4.3 Compliance with Tyson Policies and Procedures in Performance of Services. Seller will ensure that the Seller personnel, while assigned to provide Services or otherwise visiting or accessing Tyson’s facilities, will (i) comply with Tyson’s then-current environmental, health, safety, and security policies and procedures and other policies and regulations applicable to Tyson personnel at those facilities, (ii) comply with all reasonable requests of Tyson personnel, as applicable, pertaining to personal and professional conduct, and (iii) otherwise conduct themselves in a professional and businesslike manner.
4.4 Rights for Non-Conforming Services. In the event the Services do not conform with these Purchase Terms and the stipulations in any applicable Order, Tyson shall, without prejudice to any of its other rights or remedies, have the right to (i) terminate the Order in whole or in part without liability by notice effective when received by Seller as to Services not yet performed, (ii) refuse to accept any subsequent performance of the Services which Seller attempts to make, (iii) suspend any payment obligation in respect to the Services, and (iv) purchase Services to correct or replace the non-conforming Services from an alternative provider after giving Seller notice and charge Seller any cost incurred.

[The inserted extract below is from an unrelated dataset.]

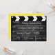 Invitation clapperboard de la fête de graduation noire et jaune prêt à être customisé à vos spécificités.

5.1 Termination for Convenience. Tyson reserves the right to terminate any Order for convenience, in whole or in part, at any time. Upon notification by Tyson, Seller shall immediately stop all work and shall immediately cause any of its suppliers and/or subcontractors to cease such work. Seller shall be paid a reasonable termination charge consisting of a percentage of the applicable Order price reflecting the percentage of the work performed prior to the notice of termination, plus actual direct costs resulting from termination. Seller shall not be paid for any work done after receipt of the notice of termination, or for any costs incurred by Seller's suppliers and/or subcontractors which Seller reasonably could have avoided. Notwithstanding the foregoing, in no event shall Seller be entitled to an amount greater than what Tyson would have paid absent the termination.
5.2 Termination for Cause. Tyson may terminate any Order, in whole or in part, in the event of (i) any default by Seller, (ii) Seller’s failure to comply with these Purchase Terms, or (iii) Seller’s failure to comply with any specific terms and conditions contained in an applicable Order. Late deliveries, deliveries of Non-Conforming Goods and/or performance of non-conforming Services, and/or failure to provide Tyson, upon request, reasonable assurances of future performance, shall all be bases for Tyson’s right to termination for cause. In the event Tyson terminates an Order for cause, Tyson shall not be liable to Seller for any amount, and Seller shall be liable to Tyson for any and all damages sustained by reason of Seller’s default which gave rise to the termination.
5.3 Termination for Financial Insecurity. Tyson may terminate any Order, in whole or in part, as of the date specified in a termination notice if Seller (i) files for bankruptcy, (ii) becomes or is declared insolvent, (iii) is the subject of any proceeding(s) (not dismissed within 30 days) related to its liquidation, insolvency or the appointment of a receiver or similar officer for Seller, (iv) makes an assignment for the benefit of all or substantially all of its creditors, (v) takes any corporate action for its winding-up, dissolution, or administration, (vi) enters into an agreement for the extension or readjustment of substantially all of its obligations, or (vii) makes any material misstatement as to its financial condition.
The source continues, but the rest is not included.